To run IMP-style forgetting:

python mixed_group_training.py --seed 1 --train_perc 1 --random_perc 0.0 --keep_perc 0.3 --train_iters 50000 --weight_mask --reset_to_zero --rewind_to_init --margin_groups --fname new_weight_rewind_zero_train1_margin0.1 --no_wandb

Later Layer Forgetting

This code builds upon the repository for Knowledge Evolution in Neural Networks. Scripts are stored in /llf_ke.

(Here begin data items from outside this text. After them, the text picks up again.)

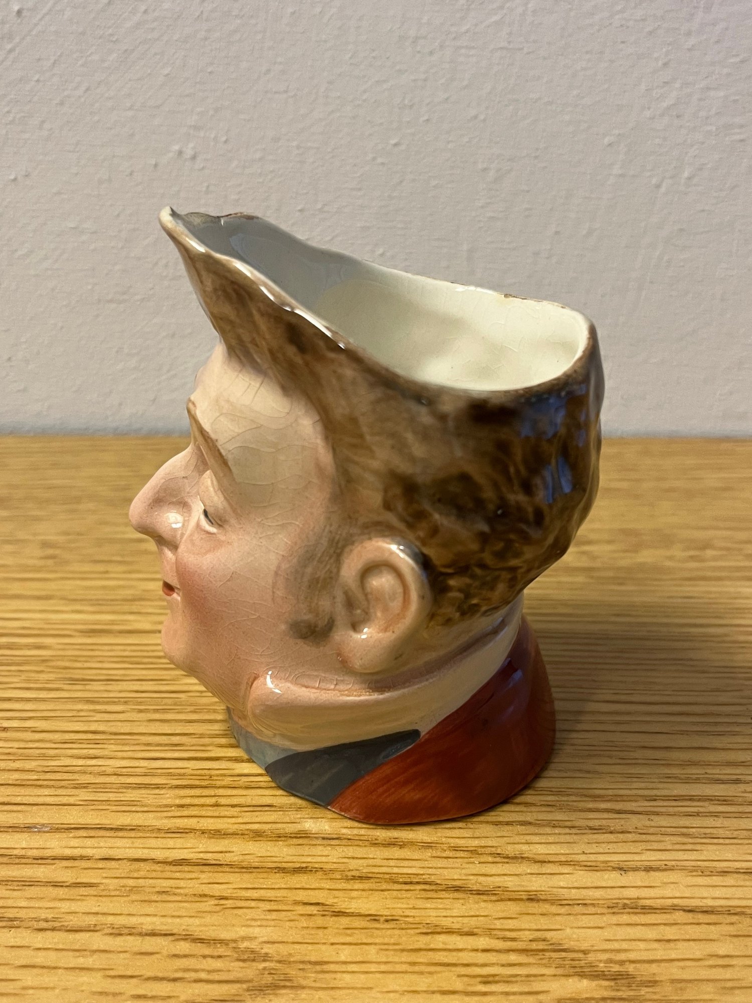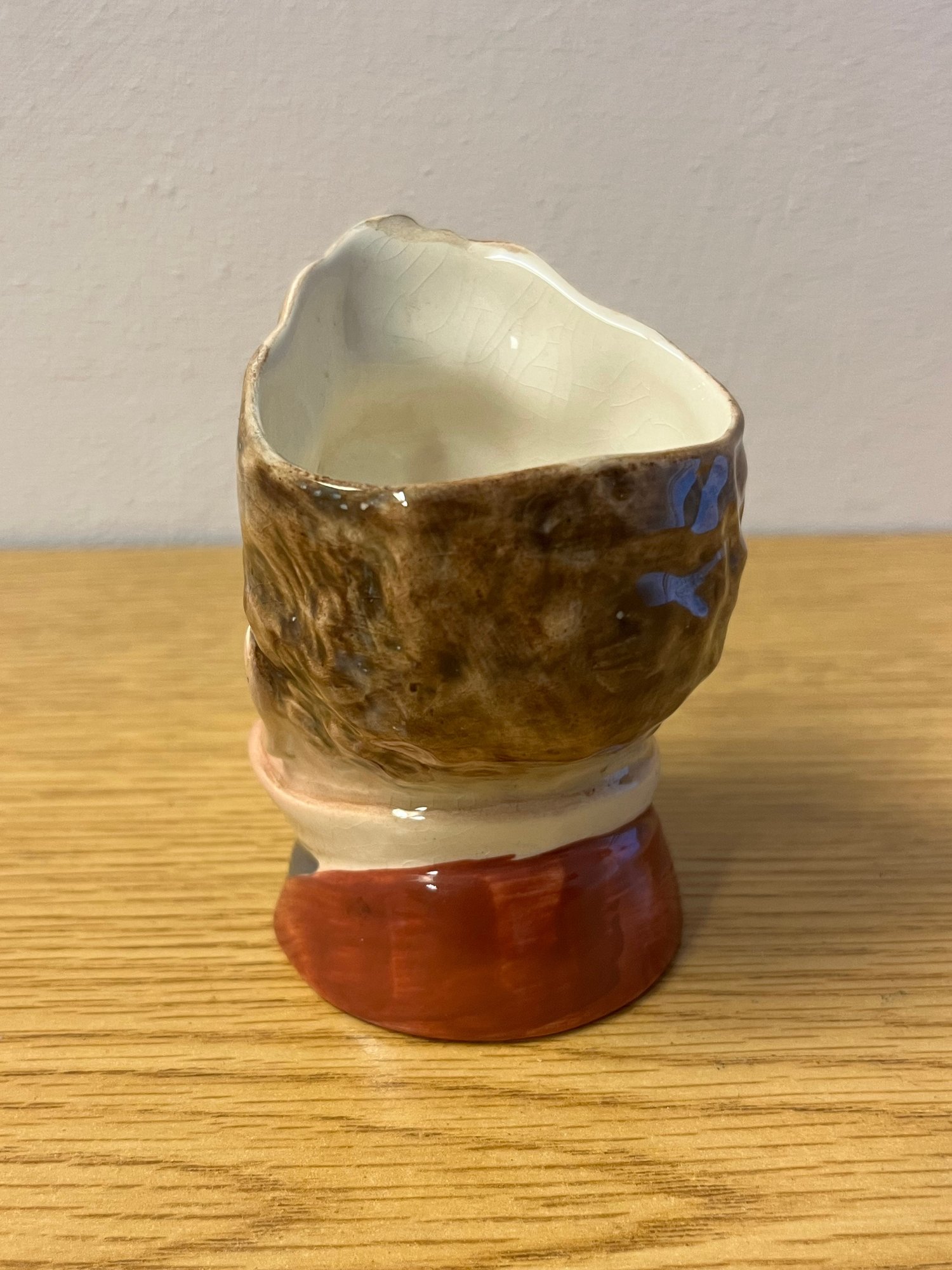 Porcelain of this character — figural, expressive, and unapologetically individual — has long drawn the eye of collectors who prize personality over production. Whether displayed as a standalone curiosity or anchored within a broader assemblage of ceramic art, this cup brings narrative weight and visual charm in equal measure.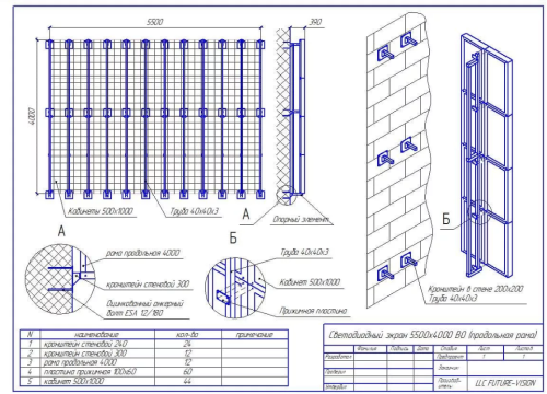 Процесс проектирования видеоэкранов разбивается на несколько этапов. К основным этапам проектирования указанной рекламной конструкции относятся: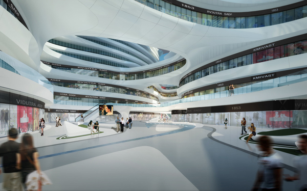 This stunning architectural project created by well know designer Zaha Hadid. The Galaxy SOHO project in central Beijing for SOHO China is a 330 000m2 office, retail and entertainment complex that will become an integral part of the living city, inspired by the grand scale of Beijing. Its architecture is a composition of five continuous, flowing volumes that are set apart, fused or linked by stretched bridges. These volumes adapt to each other in all directions, generating a panoramic architecture without corners or abrupt transitions that break the fluidity of its formal composition. Working on Galaxy for Soho China was very exciting. The design responds to the varied contextual relationships and dynamic conditions of Beijing. We have created a variety of public spaces that directly engage with the city; reinterpreting the traditional urban fabric and contemporary living patterns into a seamless urban landscape inspired by nature. The natural rhythms and flows of the city, of the environment and of the people have been integrated within the design to define its formal composition.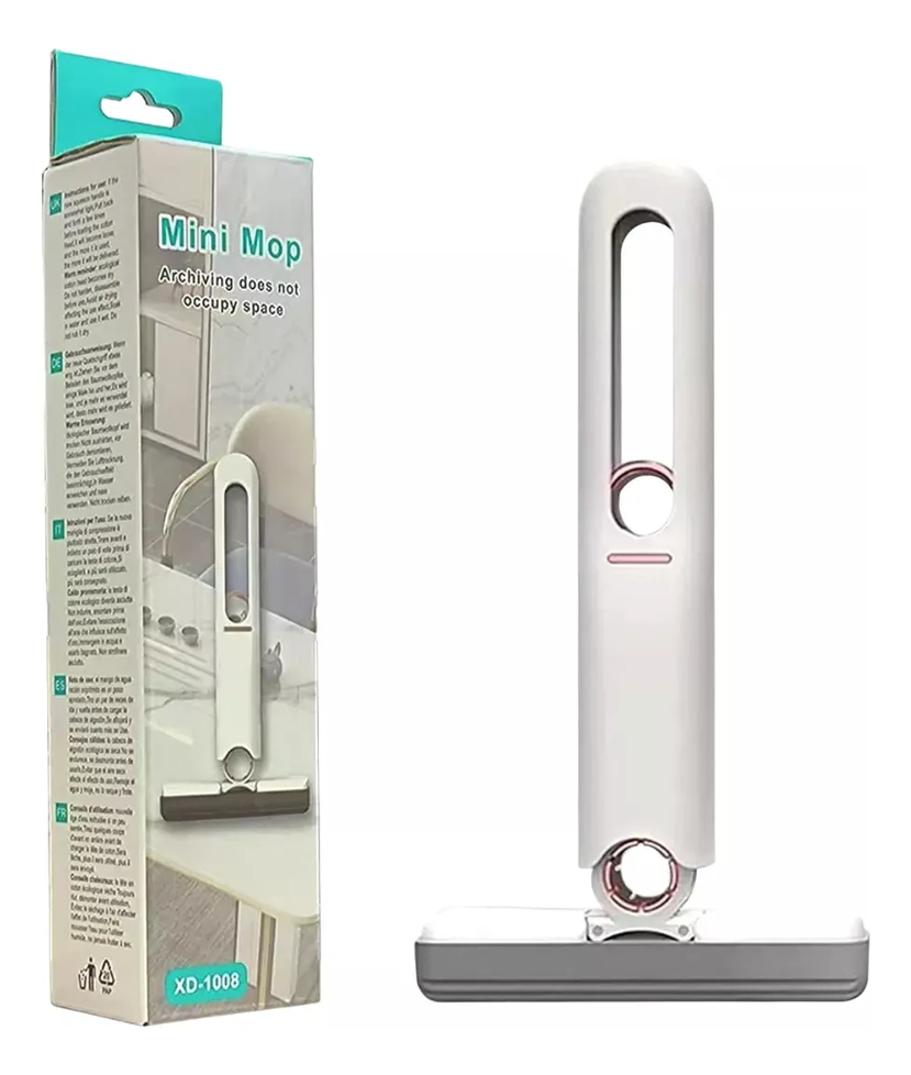 Mini mopa autoapretar: El limpiador de escritorio Mini Mop se puede utilizar tanto para limpieza en húmedo como en seco, y su diseño push-pull tipo anillo permite un lavado y deshidratación fáciles. Con un simple pliegue por la mitad y un tirón y apretón con una sola mano, puede eliminar rápida y fácilmente las manchas de agua de cualquier superficie. Este sistema de fregona plana y cubo es perfecto para suministros de limpieza de cocina.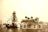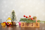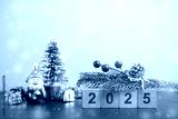 Wooden blocks 2025, Christmas tree and gifts. Merry Christmas and Happy New Year! Xmas concept. Festive winter holiday. Snowfall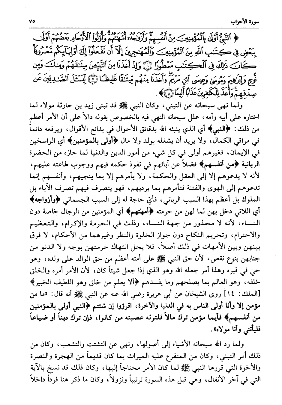 ) النَّبِيُّ أَوْلَى بِالْمُؤْمِنِينَ مِنْ أَنْفُسِهِمْ وَأَزْوَاجُهُ أُمَّهَاتُهُمْ وَأُوْلُو الأَرْحَامِ بَعْضُهُمْ أَوْلَى بِبَعْضٍ فِي كِتَابِ اللَّهِ مِنَ الْمُؤْمِنِينَ وَالْمُهَاجِرِينَ إِلاَّ أَن تَفْعَلُواْ إِلَى أَوْلِيَآئِكُمْ مَّعْرُوفاً كَانَ ذَلِكَ فِي الْكِتَابِ مَسْطُوراً وَإِذْ أَخَذْنَا مِنَ النَّبِيِّيْنَ مِيثَاقَهُمْ وَمِنْكَ وَمِن نُّوحٍ وَإِبْرَاهِيمَ وَمُوسَى وَعِيسَى ابْنِ مَرْيَمَ وَأَخَذْنَا مِنْهُمْ مِّيثَاقاً غَلِيظاً لِّيَسْأَلَ الصَّادِقِينَ عَن صِدْقِهِمْ وَأَعَدَّ لِلْكَافِرِينَ عَذَاباً أَلِيماً ( ( )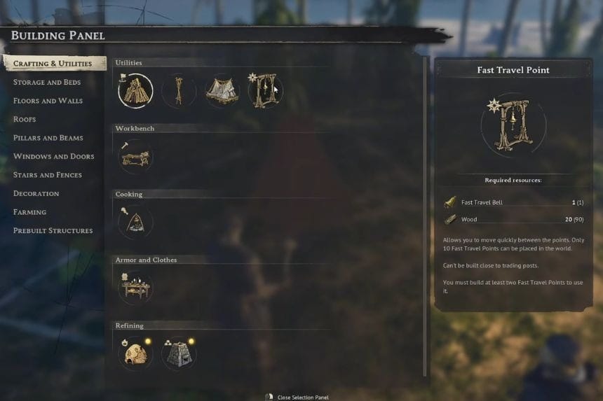 Una volta ottenuto il progetto, apri il menu di costruzione (premi B), vai su Creazione > Utilità e sarai in grado di creare il punto di viaggio rapido. Per realizzarlo avrai bisogno di 10 lingotti di rame e 3 corde. Puoi realizzarli su un banco da lavoro. I lingotti di rame provengono dal minerale di rame trovato nelle caverne e la corda è realizzata utilizzando fibre vegetali.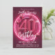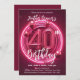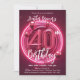 Convite Aniversário de 40 anos de Neon Rosa Vibrante com B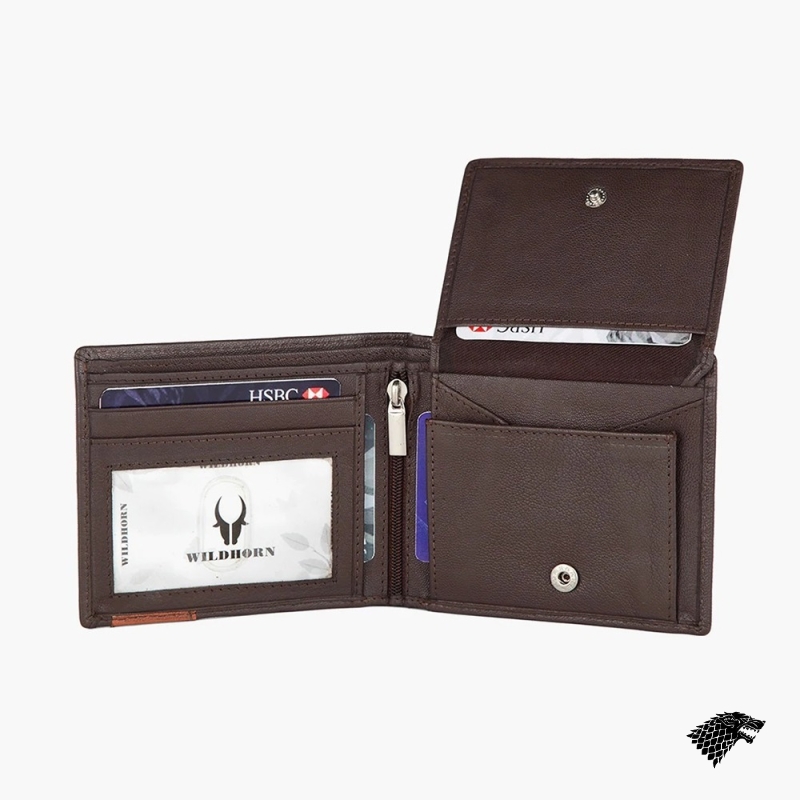 Brown solid two fold wallet 2 main compartments, has a non detachable flap 5 card holders, 2 slip pockets, has a flap coin pocket Warranty: 6 months Warranty provided by brand/manufacturer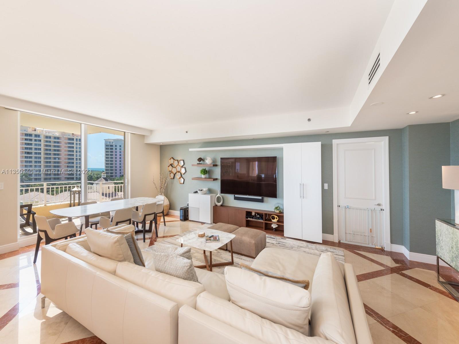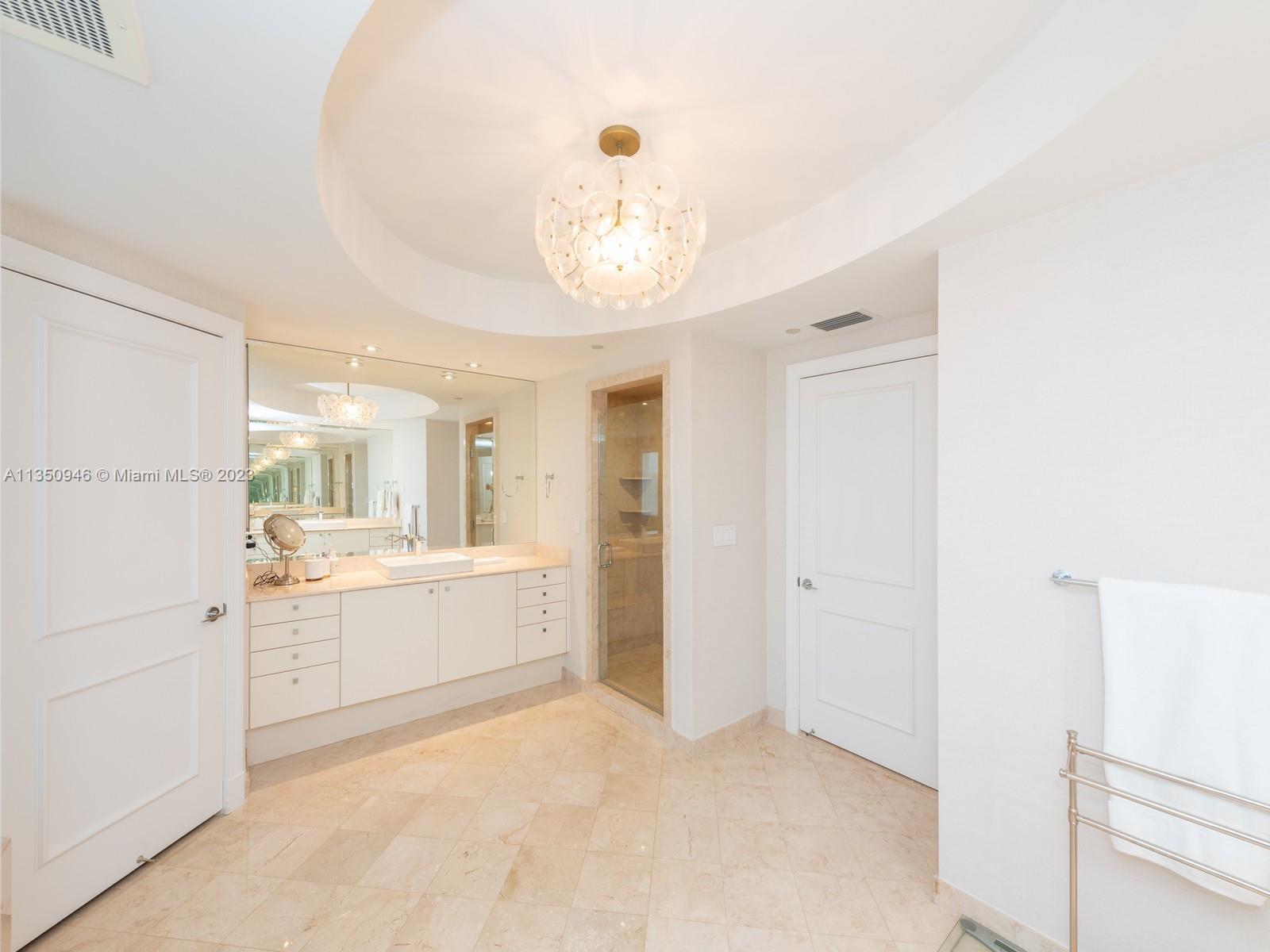 Beachfront house in the sky – The largest model apartment at Ocean Club **** 5,207 sq.ft. of luxurious space, was remodeled and redesigned by Adriana Hoyos in 2018. Step out of your private elevator and enter your own grand foyer. Be in awe with the panoramic views of sky and beach that surround you. This 4 bedroom en-suite plus staff quarters, 5 bath plus powder room, plus ocean facing office/den, and wrap around terraces, and four garage spaces (one is a tandem) is in a stack that has its own private concierge, fur storage room and its own wine cellar, all for your added convenience. Ocean Club features three restaurants, Spa, round the clock security, and all amenities expected in a world class resort. Easy to show.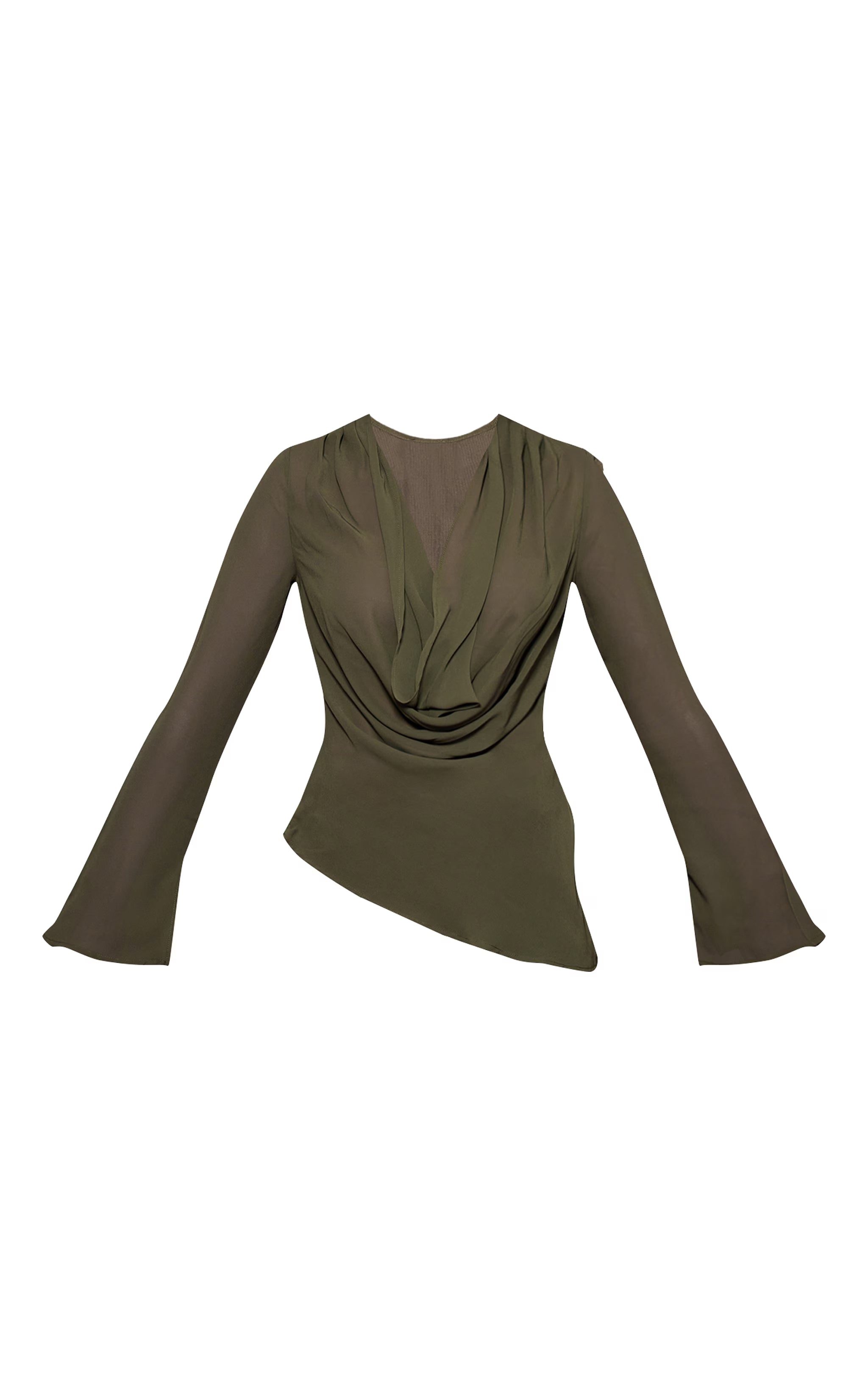 The dark green chiffon cowl plunge blouse is an elegant and versatile piece, perfect for both day and evening wear. The lightweight chiffon fabric drapes beautifully, while the cowl neckline adds a flattering, sophisticated touch. Pair with tailored pants or a skirt for a polished office look, or tuck into high-waisted jeans with heels for a chic evening outfit. The rich dark green hue complements gold or neutral accessories for an effortlessly refined style.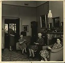 Ernest and Bertha had ten children between 1865 and 1883: four sons: Louis, Alfred, Ernest and Francis, and six daughters: Mary, Ilma, Beatrice (Kate), Gertrude, Bertha (Dorothy) and Hilda. Of their four sons, two died under the age of five years.[24] The Leviny daughters were encouraged to pursue their artistic interests at a time when women were being given more opportunities to study art and take up careers. They worked across a range of media including painting, woodcarving, metalwork, photography, and needlework in which they had their mother's example in the production of clothing by hand.[25]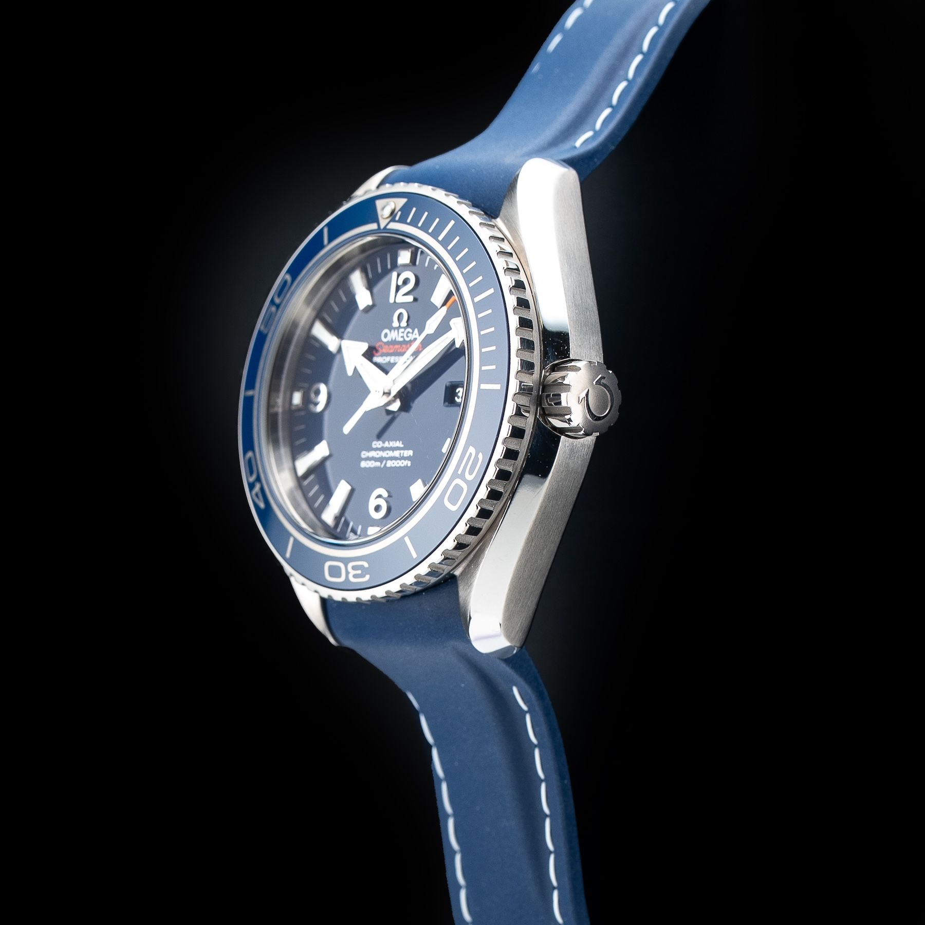 This watch features a 37.5mm titanium case on rubber strap. This watch also sports a blue dial. Powered by a Omega Co-Axial calibre 8520 movement. Water resistance up to 600 meters.

To run 10 generations of LLF on the Flower102 dataset:

python train_KE_cls.py --epochs 200 --num_generations 11 --name resetlayer4_flower_resnet18 --weight_decay 0.0001 --arch Split_ResNet18 --reset_layer_name layer4 --set Flower102 --data $DATA_DIR --no_wandb

To run 10 generations of KE:

python train_KE_cls.py --epochs 200 --num_generations 11 --name ke_kels_flower_resnet18 --weight_decay 0.0001 --arch Split_ResNet18 --split_rate 0.8 --split_mode kels --set Flower102 --data $DATA_DIR --no_wandb

To run 10 generations-equivalent of the long baseline on the Flower102 dataset:

python train_KE_cls.py --epochs 2200 --num_generations 1 --name resetlayer4_flower_resnet18_long2200 --weight_decay 0.0001 --arch Split_ResNet18 --reset_layer_name layer4 --set Flower102 --eval_intermediate_tst 200 --data $DATA_DIR --no_wandb

To run freeze later layers experiment:

python train_KE_cls.py --epochs 200 --num_generations 11 --name resetlayer4_flower_resnet18_freeze_reset_layers --weight_decay 0.0001 --arch Split_ResNet18 --reset_layer_name layer4 --data $DATA_DIR --set Flower102 --reverse_freeze --freeze_non_reset --optimizer sgd_TEMP --no_wandb

To run freeze early layers experiment:

python train_KE_cls.py --epochs 200 --num_generations 11 --name resetlayer4_flower_resnet18_freeze_nonreset_layers --weight_decay 0.0001 --arch Split_ResNet18 --reset_layer_name layer4 --data $DATA_DIR --set Flower102 --freeze_non_reset --optimizer sgd_TEMP --no_wandb

To run freeze later layers with fixed seed experiment:

python train_KE_cls.py --epochs 200 --num_generations 11 --name resetlayer4_flower_resnet18_freeze_reset_layers --weight_decay 0.0001 --arch Split_ResNet18 --reset_layer_name layer4 --data $DATA_DIR --set Flower102 --reverse_freeze --freeze_non_reset --optimizer sgd_TEMP --seed 0 --fix_seed --no_wandb

Ease-of-teaching

This code builds upon the repository for Ease-of-Teaching and Language Structure from Emergent Communication. Scripts are stored in /ease_of_teaching.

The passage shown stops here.